This is a strange one.
I started talking to a guy on a dating app this time last year. We did the usual texting back and fourth, but before long (a week or so) I noticed strange behaviours in him so things died out (or I stopped responding more to the point).
Fastforward several months of no contact and me going about my life as normal he messages me and tells me he has a problem with cocaine - that he has finally admitted it to himself and his family and wants to get better. I replied and gave him some encouragement and kind words and that was basically it. I later found out he was going through some sort of psychosis from using cocaine and had messaged a lot of people he barely knew saying the same thing (he did genuinely tell his family and admitted to having a problem - which is positive, but never entered treatment as he convinced them he could beat it alone)
Fastforward another 4ish months of no contact and I was out in a city about two hours away with my friend. We went into a random bar we had never intended on going to and I posted an obligatory instagram story of where I was. To my shock this guy messaged me and told me he was currently living above that exact bar as he was on a contract job as an electrician in the area. I drunkenly told him to come meet us and he did. He wasn’t drinking but knowing what I know now he was using coke.
We stayed up that night talking and he told me about his drug problem ( I think at this point he just wanted someone to listen to him - I don’t think he could be completely honest with his family for fear of hurting them but he let a lot out with me as I was basically a stranger). The next day I felt uneasy because as much as he was a lovely person - it would be silly of me to get involved with someone in active addiction right?

I don’t know what possessed me but my usual cautiousness went out the window and for the next month we spoke every day. It did turn somewhat romantic and he started to rekindle his relationship with his father and I could kind of see the light back in his eyes compared to the first few times we met.
I supported him, listened, and spoke to him about treatment options which he finally started 3 weeks ago. A 30 day residential programme.

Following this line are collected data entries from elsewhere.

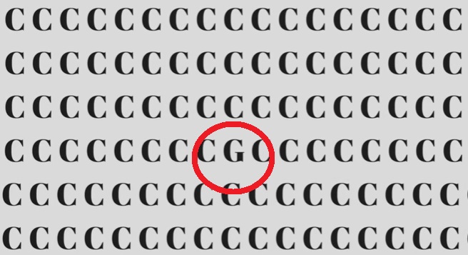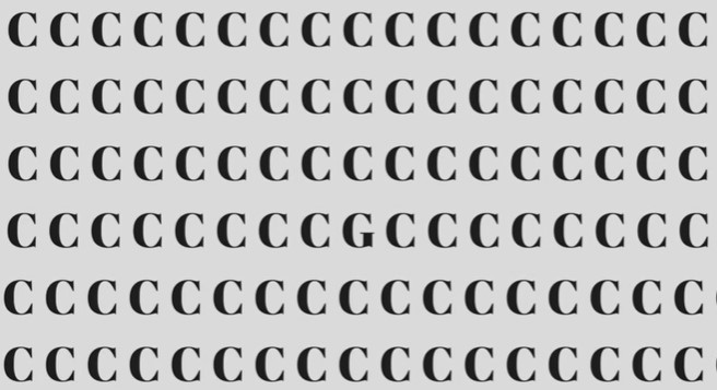 The letters C and G follow a similar pattern and therefore detecting the letter G within a series of letters C is difficult at first glance.
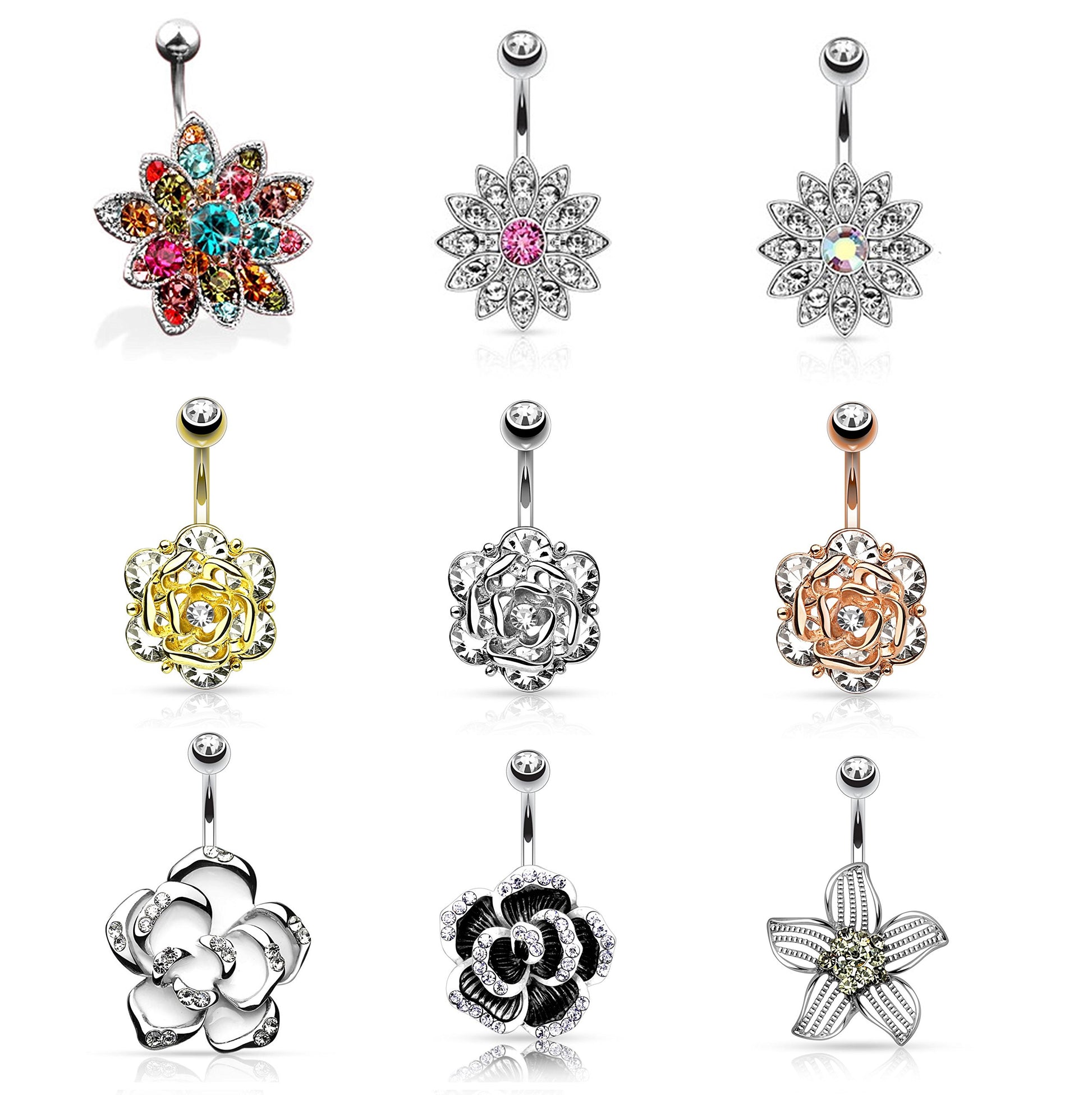 Bauchnabelpiercing Set 1,6mm 10mm Blume Nabelpiercing Edelstahl Chirurgenstahl Bananabell Zirkonia Kristalle Silber Gold Roségold
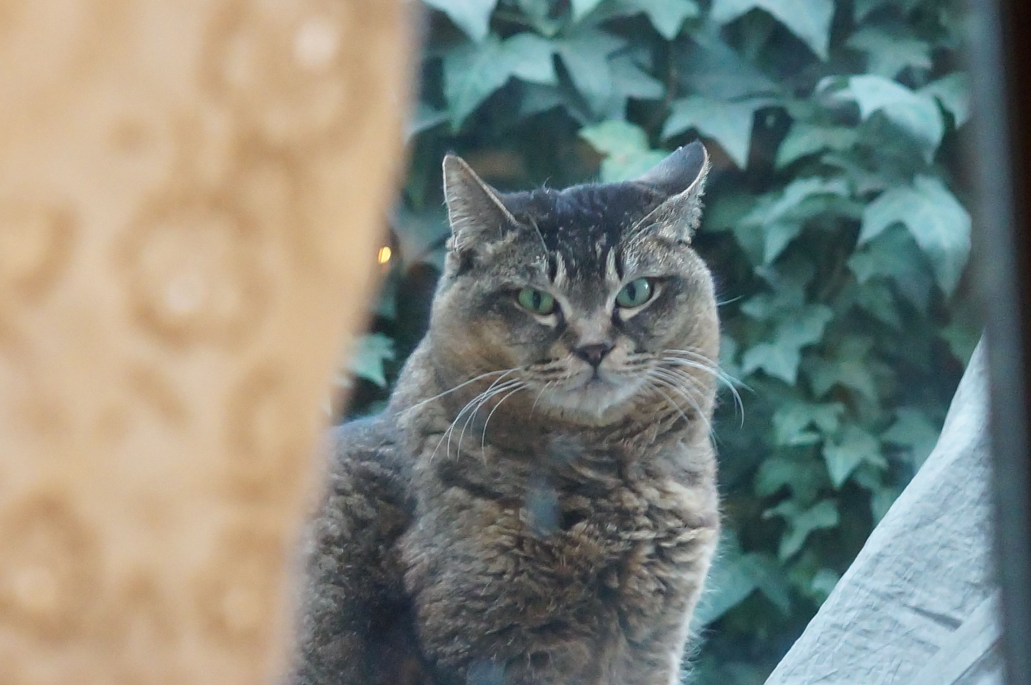 喫茶店のカーテンの向こうで、見つめてくれた猫。
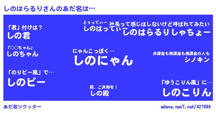 たとえば“しのはらるり”さんがあだ名になると・・・

He asked if I would visit but I said I couldn’t - that he needed to use this time to focus on himself and I should be far down the list of his priorities - given we only knew each other a very short time. He has called since being in treatment and he seems to be doing really well. He said his counsellor has said I’m a positive force in his life.
His mother passed away 2 years ago - fuelling his addiction. And he has told me that without the kindness and guidance (and sometimes tough words) I’ve shown him he doesn’t know where he would be. He has also said that me walking into that random bar a million miles away from where either of us are from, but where he happened to have been stationed for work - was fate.

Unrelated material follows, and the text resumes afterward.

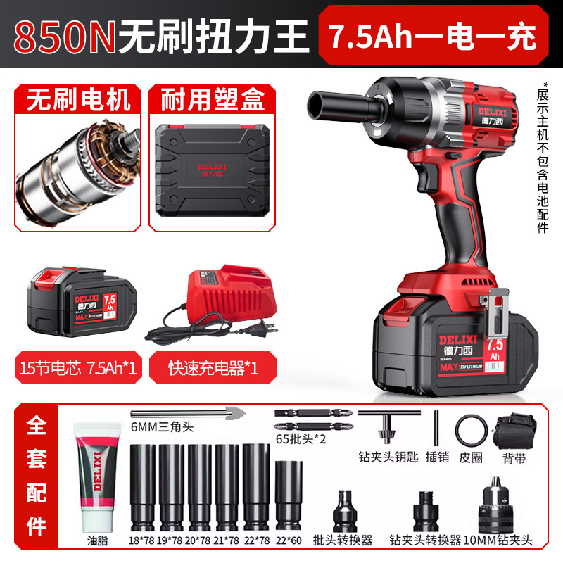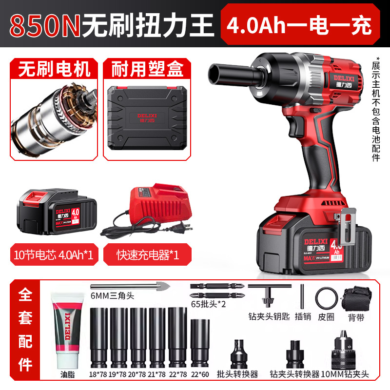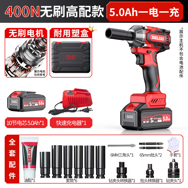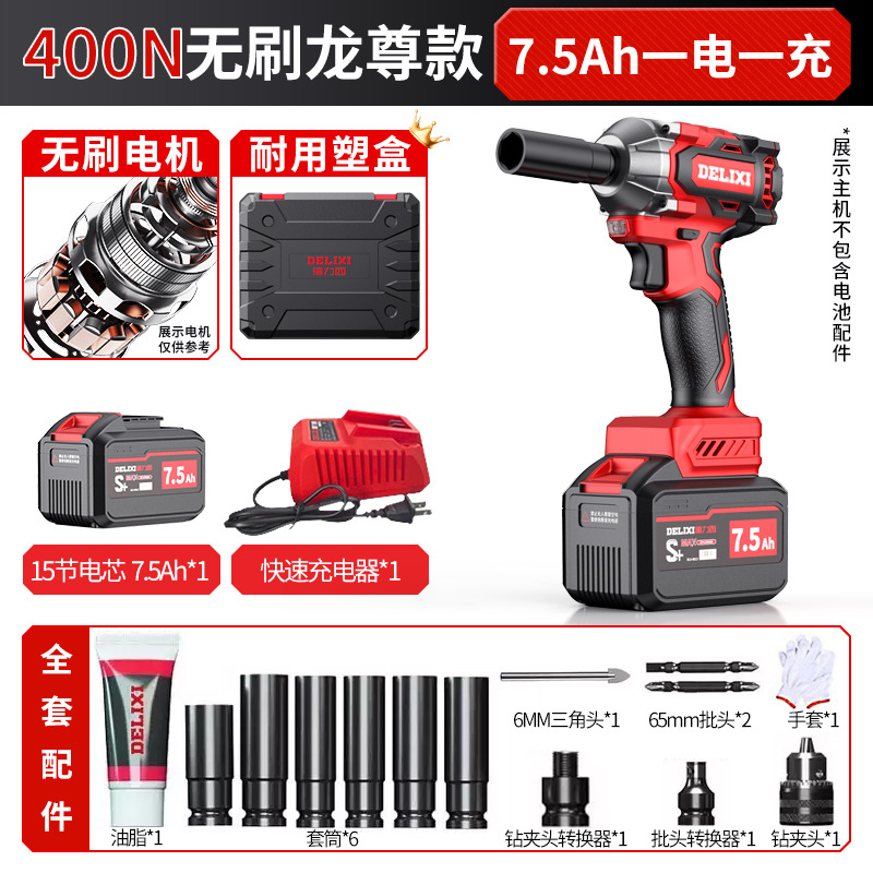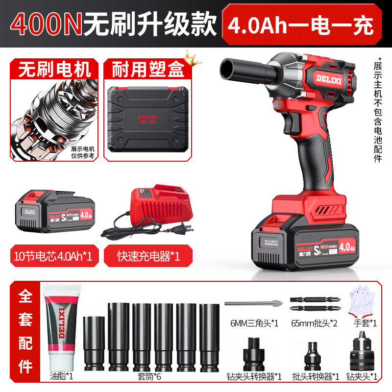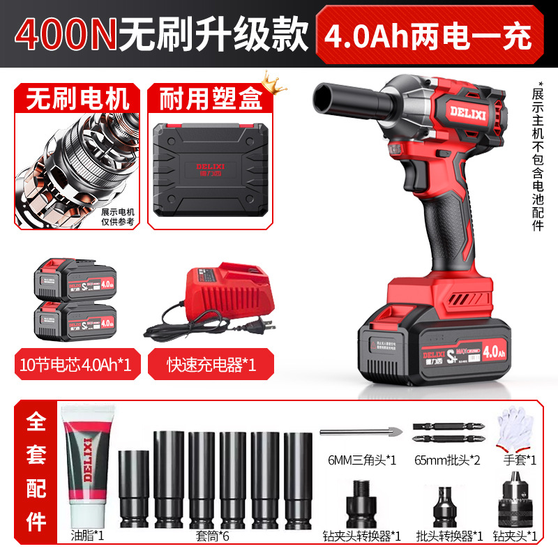 Delixi 브러시리스 전기 렌치 전기 충격 바람 총 큰 토크 작은 강철 총 토크 렌치 충전 전기 공구스토어 가기

I like this man. There are feelings there. But I’m terrified that I could hurt his recovery. I know starting a new relationship so soon into his journey is not advised usually by professionals (it’s probably worth noting I have a degree in psychotherapy and while I’m in a totally different industry now I have worked in addiction before - which I think enabled me to support him into starting treatment - but on that note I should probably know better in terms of letting this turn into something romantic). I’m just so torn.

I know relapse is common. I know he has a long way to go and I know he is far from being the ideal partner I would have originally seen myself with. But I see so much good in him. Is it wrong of me to want to be by his side? I’ve told him when he is finished with treatment we can meet as friends to do sober activities. I want to remind him of what life is like outside of the one he’s been caught up in the past few years due to grief/addiction. Is this a bad idea?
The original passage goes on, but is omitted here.